Well, I was real proud I had gotten the little lady a new iPad, ordered it thru staples, well, staples dropped the ball....said it was "in stock" whatever that means.....but in reality, they didn't have it "in stock" finally tracked the package yesterday when it didn't arrive, 2 days late.....found out, staples doesn't even have it, no emails, no nothing....so, begrudgingly I went to Walmart.....sure enuf, 1 black iPad air, and 1 white iPad air, imagine that, either color.....albeit, both of them were 64mb which is more than I wanted, but hey....beggers can't be choosers.....little girl that waited on me didn't even know what an Air was.....I helped her thru the process...... Just don't get no better than that, thanks Walmart!


----------



## ontario hay man (Jul 18, 2013)

2 words I never thought I would hear you say together... thanks and walmart lol good job.


----------



## Teslan (Aug 20, 2011)

You or the little lady will be happy to have the 64gb one especially if you plan to put videos on it. It's worth it since Apple doesn't allow for expansion.


----------



## somedevildawg (Jun 20, 2011)

ontario hay man said:


> 2 words I never thought I would hear you say together... thanks and walmart lol good job.

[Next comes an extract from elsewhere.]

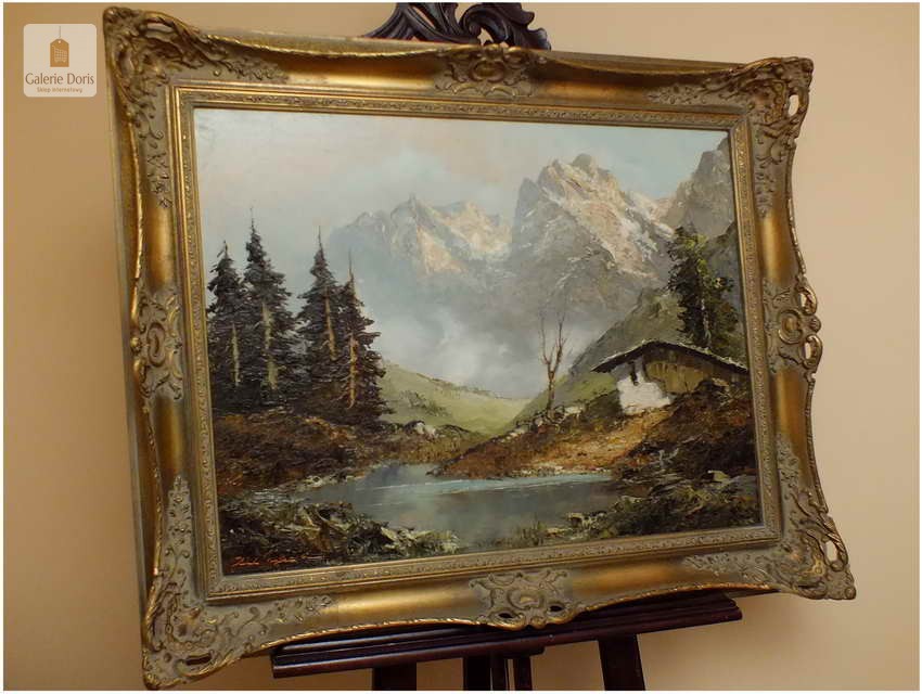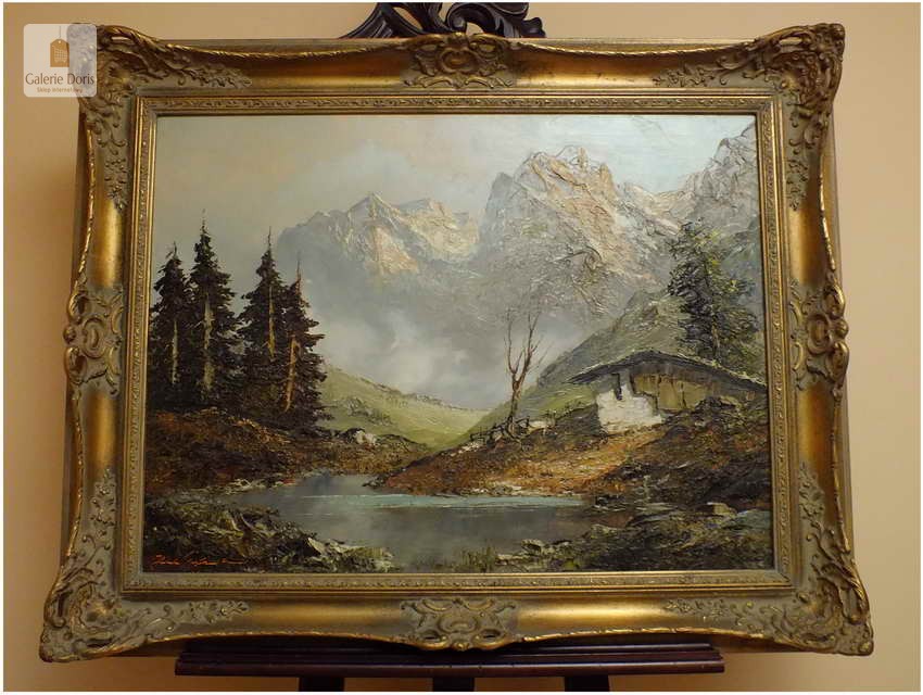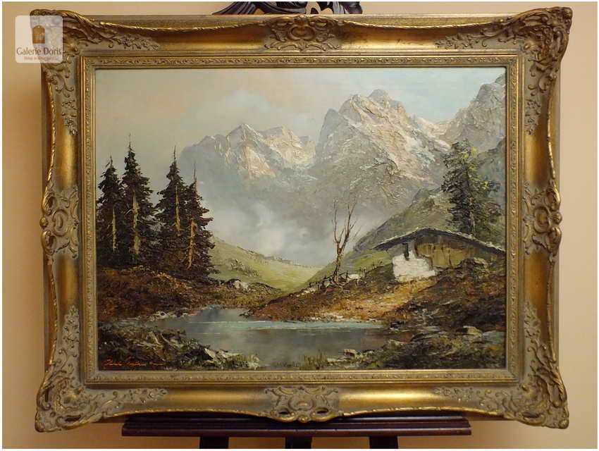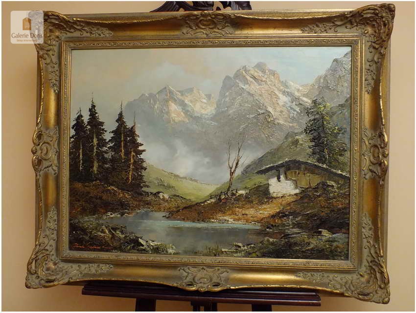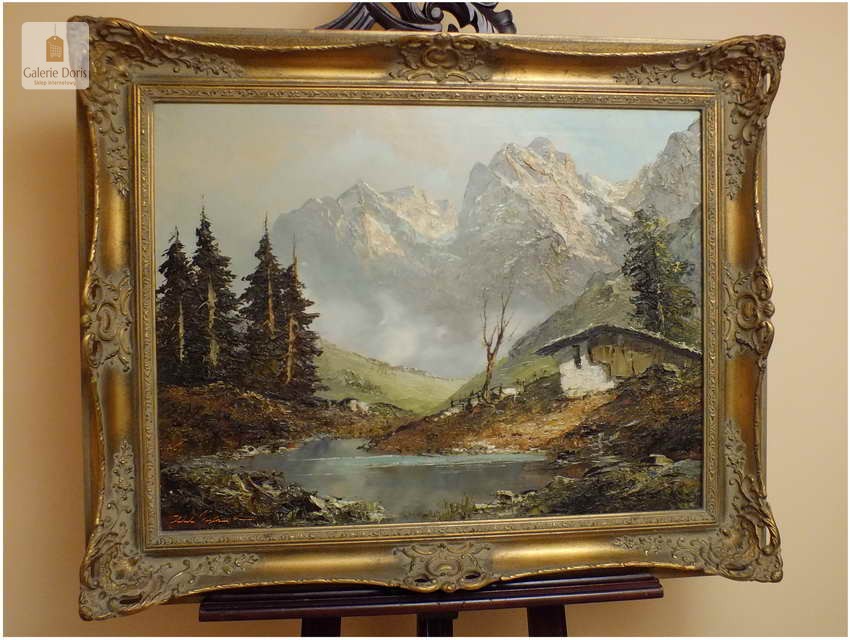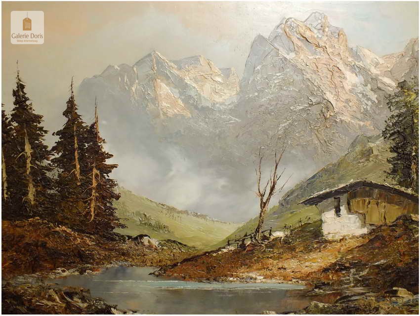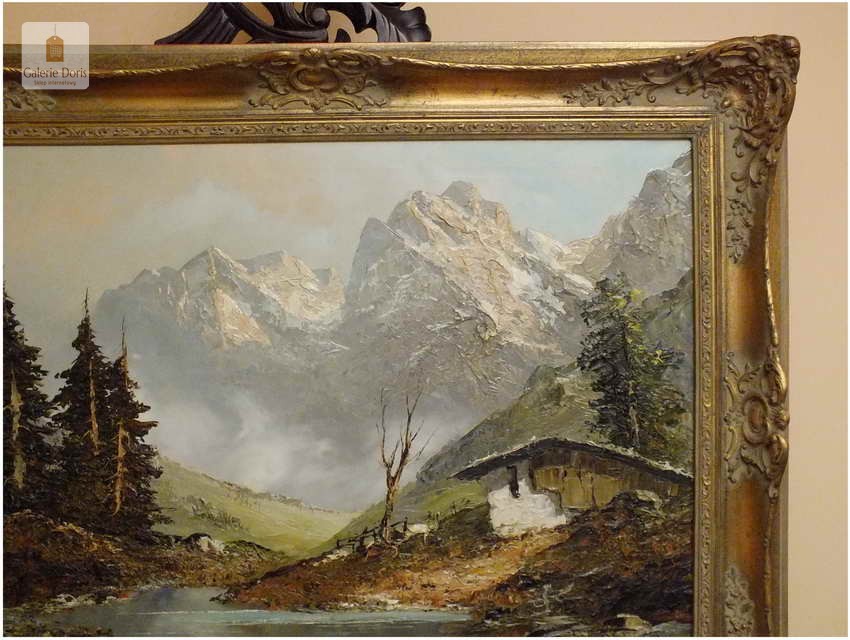 Polecamy obraz malowany techniką szpachlową olejem na płótnie znanego malarza niemieckiego Herberta Uerpmanna, obraz sygnowany w dolnym rogu. Po jakości i ruchach pędzla widać kunszt i profesjonalizm dzieła. Urodził się w Wuppertal-Bremen studiował w szkole artystycznej Barmen Wiethüchter u profesorów: Gustav i Ludwig Fahrenkrog, wiele wyjazdów studyjnych w całej Europie, Wielokrotnie katalogowany i wymieniony w odpowiednich prestiżowych katalogach o malarstwie. Malarz na obrazie ukazuje swoją fascynację do krajobrazów alpejskich. Wyraża to naturalnym kolorem, światłem oraz wirtuozerią szpachli i pędzla. Polecamy!
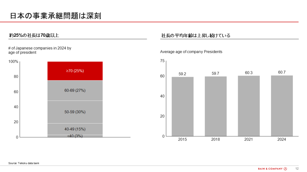 オーナー/創業者による事業承継:もう一つの重要かつ潜在的な案件の源泉である。企業のオーナーや創業者の多くが高齢となり引退年齢に差し掛かっているが、必ずしも適切な後継者がいるとは限らない。そのような場合、PEは経営権をプロフェッショナルな経営陣に移行して事業承継を支援する機会を与えるのみならず、新たな資本を提供することでオーナー/創業者は資産を現金化することが可能となる。多くの企業で社長の高齢化が進んだ結果、70歳以上の社長が25%を超えており、日本には事業継承の大きな機会が存在している。

Me neither, gotta give credit where credit is due.......but, I will chastise their ass when they don't get it right.....which is all too often the case!


----------



## Vol (Jul 5, 2009)

Great Wal of China.

http://www.crainsnewyork.com/apps/pbcsi.dll/storyimage/CN/20101129/SMALLBIZ/101129912/AR/0/Walmart.jpg?q=100

Regards, Mike


----------



## ontario hay man (Jul 18, 2013)

So should I be checking my email to see you on a people of walmart email lol.


----------



## somedevildawg (Jun 20, 2011)

ontario hay man said:


> So should I be checking my email to see you on a people of walmart email lol.


 I'll be the one with the flannel shirt and cowboy hat, and a big plug of backy


----------



## Vol (Jul 5, 2009)

Flannel shirt and cowboy hat be cool....backy?...not cool. Your wife and kids need to have a heart to heart with you....and probably already have more than once.

Regards, Mike


----------



## somedevildawg (Jun 20, 2011)

They have, I quit smoking over a year ago, only crutch left, other than farming....


----------



## somedevildawg (Jun 20, 2011)

And food


----------



## Vol (Jul 5, 2009)

somedevildawg said:


> They have, I quit smoking over a year ago, only crutch left, other than farming....


Well good for you man....get you some patches for a couple of weeks to get thru the willys.

Regards, Mike


----------



## somedevildawg (Jun 20, 2011)

And an occasional shot of Glen Livet....1 bottle a year, 15 yr old please


----------



## somedevildawg (Jun 20, 2011)

Vol said:


> Well good for you man....get you some patches for a couple of weeks to get thru the willys.
> 
> Regards, Mike


Ya know, I figure what the heck, I brutalized my lungs for 20 years.....my dentist hates me, but really I use it as a patch, I get a lil anxious ill put me in a plug, just a pinch between ur cheek and gum.....sure is relaxin......keeps me from cussing too! Well, sometimes....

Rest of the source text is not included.